A survey from Japanese marketing firm CDG and Oshicoco, a company who specializes in oshikatsu-related products, showed that fans spent an average of on their oshi each year, and estimated that 14 million people, or 11% of Japan's total population, engage in oshikatsu as of 2025. Overall, this amounts to around 3.5 trillion yen spent on oshikatsu-related products yearly in Japan as a whole, accounting for 2.1% of Japan's annual retail sales.

== Criticism ==
The oshikatsu subculture has been criticized for encouraging unhealthy spending and the formation of addictions. A survey in the magazine Toyo Keizai found that 50% of its respondents in their 20s, and 40% of respondents in their 30s and 40s, believed oshikatsu to be a financial burden on their life. Hakuhodo's Oshinomics report found that teenage girls reported having spent half of their disposable income on their oshi, with said oshi most commonly being underground male idols, hosts, or employees at concept cafes. Kotaro Nishimura, a Japanese psychiatrist who specializes in addiction, says that oshikatsu is a form of relationship addiction that can be just as real as a gambling or alcohol addiction.

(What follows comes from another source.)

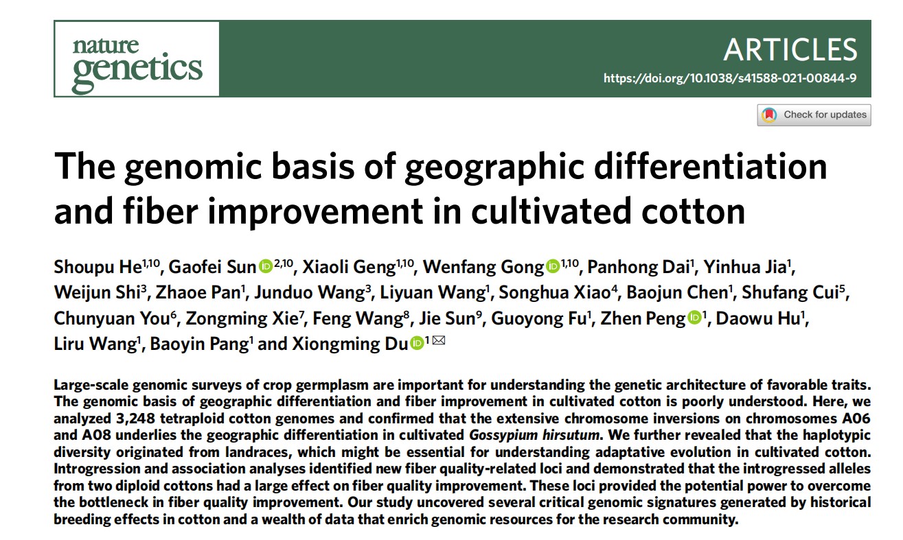 近日,由公司3044永利集团有限公司与中国农业科公司棉花研究所杜雄明课题组联合完成的研究成果《栽培陆地棉地理分化和纤维品质改良的基因组学基础》在世界顶级学术期刊《自然·遗传学(Nature Genetics)》在线发表,标志着公司高水平科研成果又取得一项新突破。中科院棉花研究所何守朴副研究员为该论文第一作者,杜雄明研究员为论文通讯作者;公司为该成果的第二完成单位,3044永利集团有限公司孙高飞副教授为论文的共同第一作者。

Concept cafes and host clubs that encourage oshikatsu behavior are criticized for exploiting fan loyalty. Waka Ikeda of The Japan Times notes that at some men's concept cafes, customers are pressured into spending large amounts of money on things such as photo opportunities and merchandise. In Kodaka Maiko's paper Embrace Me As I Am, she homes in on how female loneliness in Japan is exploited by things such as private "dating" services. She also notes, however, that "winning the love" of their oshi is not these fans' end goal, rather, they view oshikatsu as a means to fulfill self-realization – supporting one's oshi being taken on as a self identity.